Positron Emission Tomography Reference Table
CPT |
Tracer/Code |
Comment |
78608 |
FDG/A9552 |
Covered indications: Alzheimer’s disease/dementias, only when used to differentiate between Alzheimer's Disease and Fronto-temporal dementia, intractable seizures only when used as part of a pre-surgical evaluation. |
78609 |
Not Applicable |
Nationally non-covered |
Note: This table is not a comprehensive listing of covered indications. Providers should refer to the applicable NCD sections for detailed information regarding covered indications for PET scans.
Other Comments
PET scans are covered only when performed at a PET imaging center with a PET scanner that has been approved or cleared by the FDA. When a claim is submitted, the provider is certifying this and must be able to produce a copy of this approval upon request. An official approval letter need not be submitted with the claim.

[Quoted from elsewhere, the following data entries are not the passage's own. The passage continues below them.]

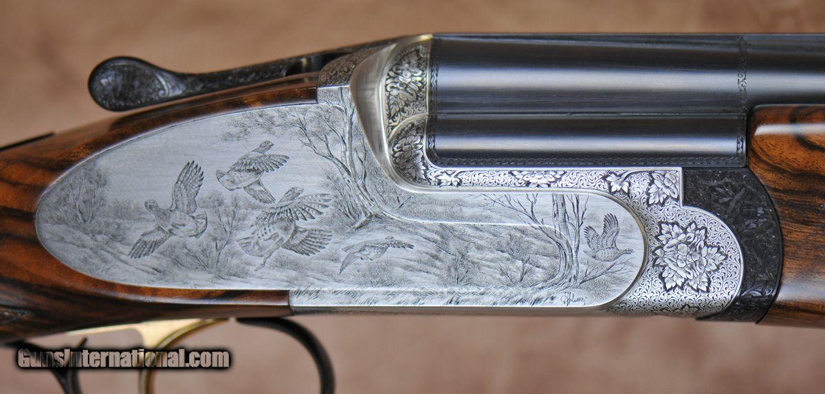 Description: Perazzi MX8 SCO Side-Plate Game Gun with 30" Teague choke barrels (IC/MOD). 1.450 kg/ 18.5 bore. 7mm vented game rib. Remove able (gold plated inards) trigger with flat springs. Coin finished side- plate action with fully hand engraved game scenes by Master Engraver Angelo Galeazzi. Exhibition grade field stock with straight grip. Stock dimensions are: 1 7/16' x 2 ". LOP 14 3/8". Over all weight 7 lbs 6 oz. Imported from England and is in unfired condition. Factory leather case included.Contact our Michigan location at 248-960-7262 for additional information. Refer to (440) SOLD Serial Number: 117440 |
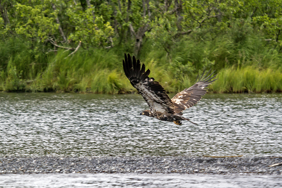 10. 飞机降落在Upper Russian Lake,在水面上滑行靠岸时,惊动了停在水边的鹰
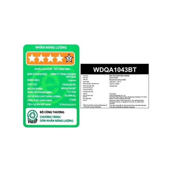 - Nhãn năng lượng chuẩn 5 sao, hiệu suất năng lượng là 28 Wh/kg.

Documentation Requirements
- All documentation must be maintained in the patient's medical record and made available to the contractor upon request.
- Every page of the record must be legible and include appropriate patient identification information (e.g., complete name, dates of service[s]). The documentation must include the legible signature of the physician or non-physician practitioner responsible for and providing the care to the patient.
- The submitted medical record must support the use of the selected ICD-10-CM code(s). The submitted CPT/HCPCS code must describe the service performed.